Therefore, in the state in which the sub cyclone 5 is fitted to the outer frame 40 in the large diameter portion 29 and the cap portion 59 in the small diameter portion 18, the ventilation path 53 is formed in the through holes 58, 58. The through hole 52 communicates with the sub dust collection chamber 30 through the through holes 58, 58,... Of the third guide portion 49.
Further, the upper cover 35 closes the upper end of the outer frame 40 including the ventilation path 53, so that the upper suction opening 37 is inserted into the sub cyclone 5 from the upper opening 55 as shown in FIGS. , The sub suction path 61 passing between the first straight wall 44 and the second straight wall 47, and the sub suction path 61 communicates in a tangential direction between the first spiral wall 45 and the second spiral wall 48. A sub swirl chamber 62 that swirls within the outer frame 40 and reaches the through hole 52 is formed.
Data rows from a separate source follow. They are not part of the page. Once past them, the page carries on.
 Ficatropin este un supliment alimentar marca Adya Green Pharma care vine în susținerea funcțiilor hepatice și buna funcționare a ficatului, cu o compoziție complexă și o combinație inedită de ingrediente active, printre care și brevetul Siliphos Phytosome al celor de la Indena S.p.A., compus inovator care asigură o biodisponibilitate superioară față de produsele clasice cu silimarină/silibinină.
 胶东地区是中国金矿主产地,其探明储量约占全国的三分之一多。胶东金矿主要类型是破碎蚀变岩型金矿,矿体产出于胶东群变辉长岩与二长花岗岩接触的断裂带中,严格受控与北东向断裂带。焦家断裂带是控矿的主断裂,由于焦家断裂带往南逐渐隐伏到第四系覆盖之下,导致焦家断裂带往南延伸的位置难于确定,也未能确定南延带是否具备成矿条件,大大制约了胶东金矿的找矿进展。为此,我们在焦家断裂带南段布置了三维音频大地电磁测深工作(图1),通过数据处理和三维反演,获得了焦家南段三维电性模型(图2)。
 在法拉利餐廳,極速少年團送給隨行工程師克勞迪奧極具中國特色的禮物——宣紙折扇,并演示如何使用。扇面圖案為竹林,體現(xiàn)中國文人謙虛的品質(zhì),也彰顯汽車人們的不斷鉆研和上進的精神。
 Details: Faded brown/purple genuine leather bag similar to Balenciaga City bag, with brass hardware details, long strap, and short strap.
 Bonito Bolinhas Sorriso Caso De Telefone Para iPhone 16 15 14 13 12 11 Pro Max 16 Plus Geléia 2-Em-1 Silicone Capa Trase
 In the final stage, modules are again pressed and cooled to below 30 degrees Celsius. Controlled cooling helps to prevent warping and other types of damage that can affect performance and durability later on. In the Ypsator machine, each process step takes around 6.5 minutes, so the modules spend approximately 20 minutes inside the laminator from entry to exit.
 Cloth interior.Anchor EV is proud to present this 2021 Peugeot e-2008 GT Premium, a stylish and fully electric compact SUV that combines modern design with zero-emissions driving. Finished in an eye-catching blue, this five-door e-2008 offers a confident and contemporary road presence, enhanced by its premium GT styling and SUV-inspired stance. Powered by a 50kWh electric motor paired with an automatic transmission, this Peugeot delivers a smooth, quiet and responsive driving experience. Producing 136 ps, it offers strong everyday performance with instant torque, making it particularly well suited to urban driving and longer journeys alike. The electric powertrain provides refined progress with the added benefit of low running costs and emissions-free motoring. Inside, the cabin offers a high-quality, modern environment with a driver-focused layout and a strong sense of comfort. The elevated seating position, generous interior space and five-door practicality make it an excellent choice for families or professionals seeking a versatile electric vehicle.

That is, the main suction path 37 is guided to the main swirl chamber 23 side through the lower side of the sub cyclone 5 via the guide path 20, while the sub suction path 61 is extended from the main suction path 37 to the upper side of the guide path 20. It branches and is led and formed in the auxiliary cyclone 5.

  On the other hand, the exhaust tube 3 is screwed to the upper surface of the upper cover 35 concentrically with the outer frame 40. As shown in FIGS. 4 and 15 to 17, an outer cylinder 63 that is fitted in the exhaust cylinder 3 and penetrates the upper cover 35 from the upper end of the exhaust cylinder 3 to reach the through hole 52, Inside the outer cylinder 63, there is provided an inner cylinder 65 which is held with a gap by radial radial ribs 64, 64... And passes through the upper cover 35 from the upper end of the exhaust cylinder 3 and projects downward. ing. In the inner cylinder 65, the lower part 66 that penetrates the through hole 52 of the sub-cyclone 5 has a larger diameter than the upper part, and a flange 67 formed at the upper end of the inner cylinder 65 is fitted to the lower end of the through hole 52, 52 is closed, passes through the cap portion 59 as it is, and projects coaxially into the inner upper cylinder 8 of the inner housing 6. In this state, the lower end of the lower portion 66 has substantially the same height as the lower end of the slit 13 of the inner upper cylinder 8. Therefore, here, the inner cylinder 65 communicates with the upper part of the main swirl chamber 23 in the vertical direction to form the main discharge path 68 therein, and the gap between the outer cylinder 63 and the inner cylinder 65 is a sub swirl. The sub-discharge path 69 is formed in communication with the through-hole 52 serving as the terminal end of the chamber 62 in the vertical direction.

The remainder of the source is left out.